Similarly, the comparison between the asymptotic and numerical solutions for different Reynolds numbers and expansion ratios is given in Tables 3 and 4. The axial velocity profiles and microrotation velocity profiles are presented in Figures 12, 13, and the results agree well.

Figure 12
figure 12

The axial velocity as \(\pmb{\mathit{Re}=100}\) , \(\pmb{K=0.1}\) , \(\pmb{\alpha=5}\) , \(\pmb{N_{1}=0.1}\) .

Figure 13
figure 13

The microrotation as \(\pmb{\mathit{Re}=100}\) , \(\pmb{K=0.1}\) , \(\pmb{\alpha=5}\) , \(\pmb{N_{1}=0.1}\) .

Table 3 The comparison between asymptotic and numerical solutions of \(\pmb{-f''(1)}\) for large suction Reynolds number as \(\pmb{K=0.1}\) , \(\pmb{N_{1}=0.1}\)
Table 4 The asymptotic and numerical values of \(\pmb{g'(1)}\) for large suction Reynolds number at \(\pmb{K=0.2}\) , \(\pmb{N_{1}=0.1}\)

5 Conclusions

The micropolar fluid through a deforming channel with porous walls is investigated numerically and analytically. In addition, the perturbation solutions are constructed for large injection and suction permeability Reynolds number. Some conclusions can be drawn:

  1. (i)

    The multiplicity of the solutions is influenced by the Reynolds number and the expansion ratio of the channel. New types of solutions are captured when the walls are expanding. Moreover, the non-existence of solutions for a specified range of Reynolds numbers with a particular positive expanding ratio is discovered.

  2. (ii)

    In order to eliminate the singularity of the solution for the case of large injection, the analytical solution is constructed by the Lighthill method.

  3. (iii)

    For the case of a large suction, the matched asymptotic expansion is used to obtain the analytical solution by the matching of the inner solution with the outer solution.
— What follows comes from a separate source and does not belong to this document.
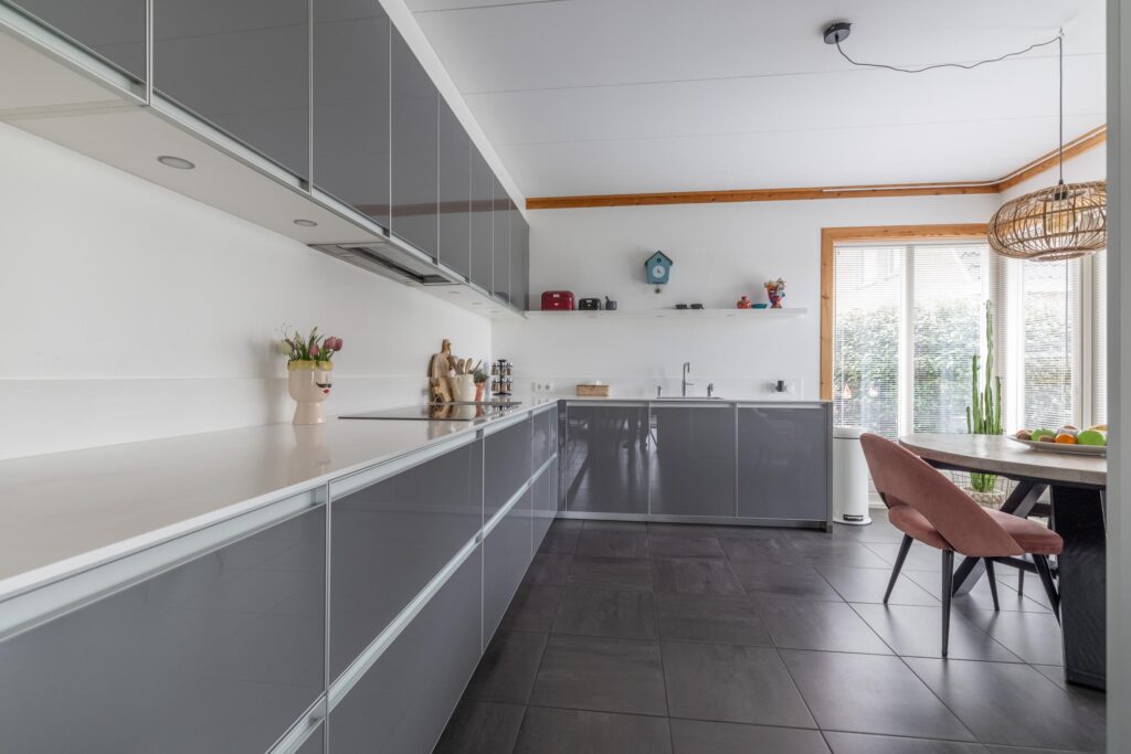 Luxe woonkeuken met hoogwaardige inbouwapparatuur;

In this paper, we only construct two solutions for large injection or suction Reynolds number by singular perturbation methods. Some other multiple asymptotic solutions may be constructed to complement the above results in the future, which will help us to better understanding the stability of the micropolar flow through a deforming channel with porous walls.